Thursday, January 17, 2013

Mobile

If I had to choose one word to describe my life over the past several months, it would be "mushy."

I've grown lethargic. Apathetic. Lazy. I've become intellectually mushy. Socially mushy. Physically mushy. And, to be honest, spiritually mushy. And maybe you've found yourself in such a situation at times as well. You don't feel sharp or disciplined. Your life is just feeling a little...blah, and it become increasingly harder to roll yourself out of bed in the morning or off of your couch in the evening.

This last week, I had the chance to join in something that I sorely needed. It's something that I used to do every week, and I now realize that I probably didn't value it near as much as I should have.

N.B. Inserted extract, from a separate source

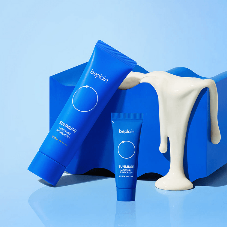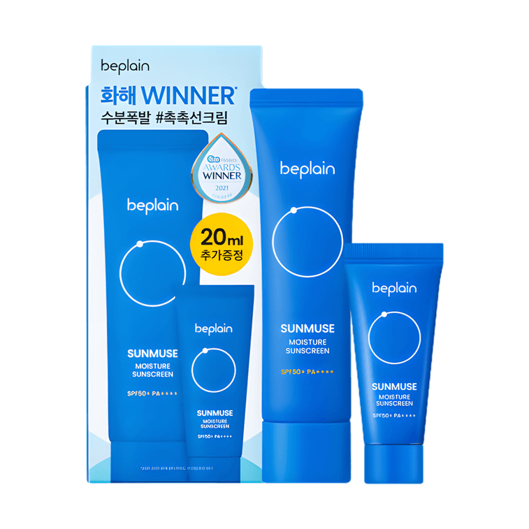 韓國BEPLAIN碧菲音 海洋水潤防曬乳 SPF50+·PA++++ 去除乾燥感藍色有機防曬 50ml+20ml 保濕炸彈 溫和舒適清爽 敏感肌膚 抵禦口罩摩擦

While visiting friends in Joplin, Missouri, I attended the chapel service at my alma mater of Ozark Christian College, and there I saw a lot of people who were passionate. As the worship band sang, I heard several hundred students singing. And as the sermon was preached, I saw these same students pull out their Bibles and follow along in the text. There was a sense of excitement in the room. It seemed like people wanted to be there, and they were stoked about what was happening in that place.

I also had a chance to chat with a friend who is soon moving to Japan to work with a church plant in an urban area there, and I was able to sense her passion. She's excited about where God is leading her in her life, and she's excited about what the God is doing in a nation where the gospel is not well-known, and she's passionate about the opportunities that exist for the church there.

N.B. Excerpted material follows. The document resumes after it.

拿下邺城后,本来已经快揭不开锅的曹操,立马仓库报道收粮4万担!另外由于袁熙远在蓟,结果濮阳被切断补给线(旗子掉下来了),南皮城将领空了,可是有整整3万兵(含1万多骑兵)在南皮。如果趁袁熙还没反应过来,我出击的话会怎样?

Passion is the opposite of the mushiness that has been so prevalent in my own life, and it was re-energizing to be around such passionate people this week. I realized that I need to become passionate about something. I need something to be excited about. Because right now, the thing I look forward to the most each day is going back to bed at night. But I don't think that's the way we were meant to go through life.

So where does passion come from? As I sat in on that chapel service, I realized that it begins with God. He is at the center of it all, and the first step has to be to rekindle an excitement and passion for one's relationship with him.

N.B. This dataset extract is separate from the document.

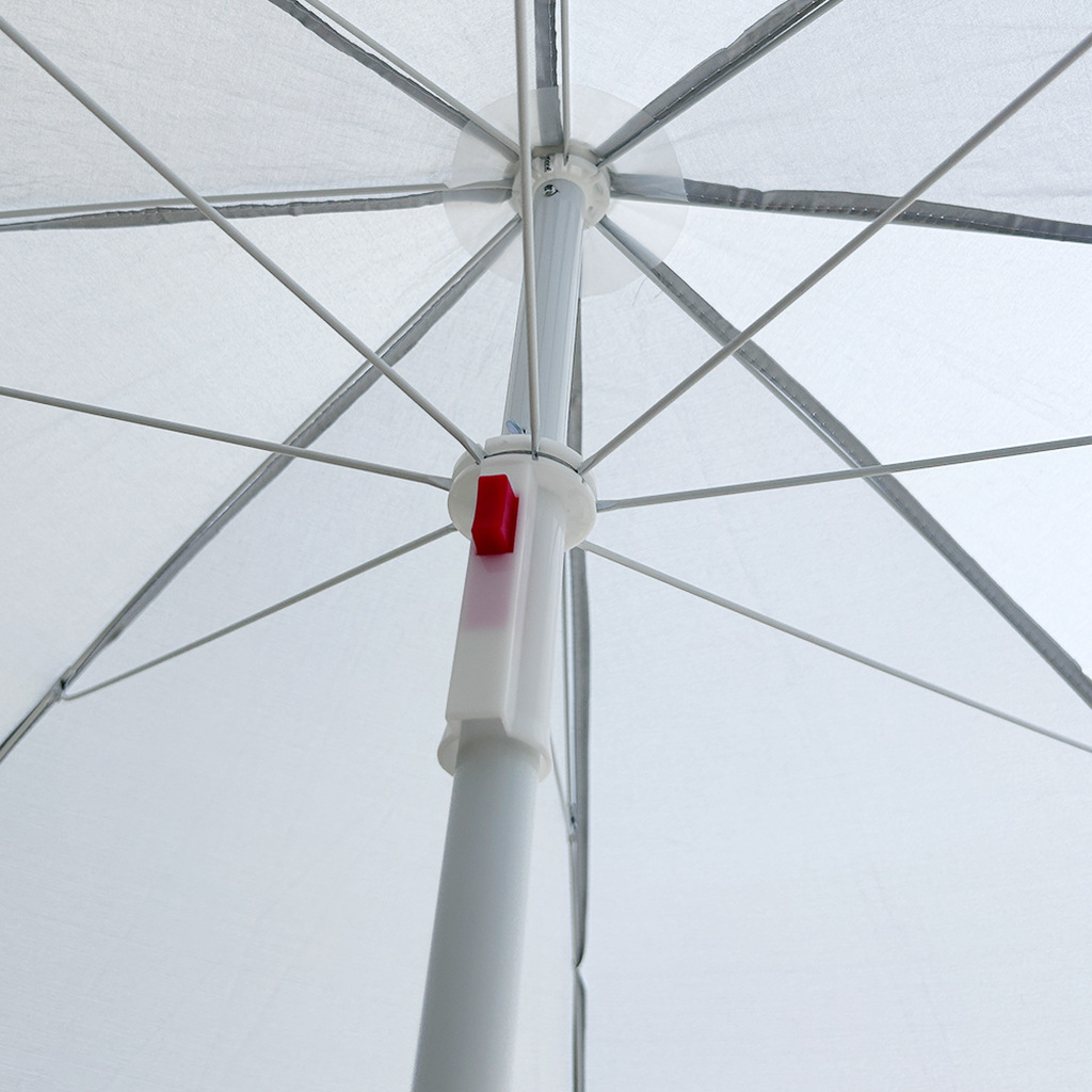 Materiał parasola wzbogacony jest o srebrną warstwę, która odbija szkodliwe promienie UV. To pozwala cieszyć się przyjemnym cieniem przez wiele godzin. Regulowana wysokość (140-180 cm) umożliwia dostosowanie parasola do pozycji słońca, co zwiększa komfort użytkowania.

In his book The Shack, William Paul Young compares God's proper place in a believer's life as the center of a mobile. Everything else revolves around him and only has meaning in their connection with him. I've always liked that imagery. Life finds its greatest meaning and value when God is smack dab in the middle of it. Everything else moves around him. So when one's passion for God is allowed to cool, other healthy passions tend to follow suit, and before you know it you're spending the evening wiping Cheeto crumbs off your chest while watching yet another sitcom rerun on TV.

I wasn't made to be mushy. I believe that God made us to be passionate people--people who are enraptured by him and stoked about living in this world in which he has placed us and which he has entrusted to us. I've written recently that I need something to get excited about. And that's still true. But this grows first and foremost out of a deep, even desperate relationship with God. Everything else branches from that.

Have you ever felt "mushy?" How do you recapture passion in your life when that happens?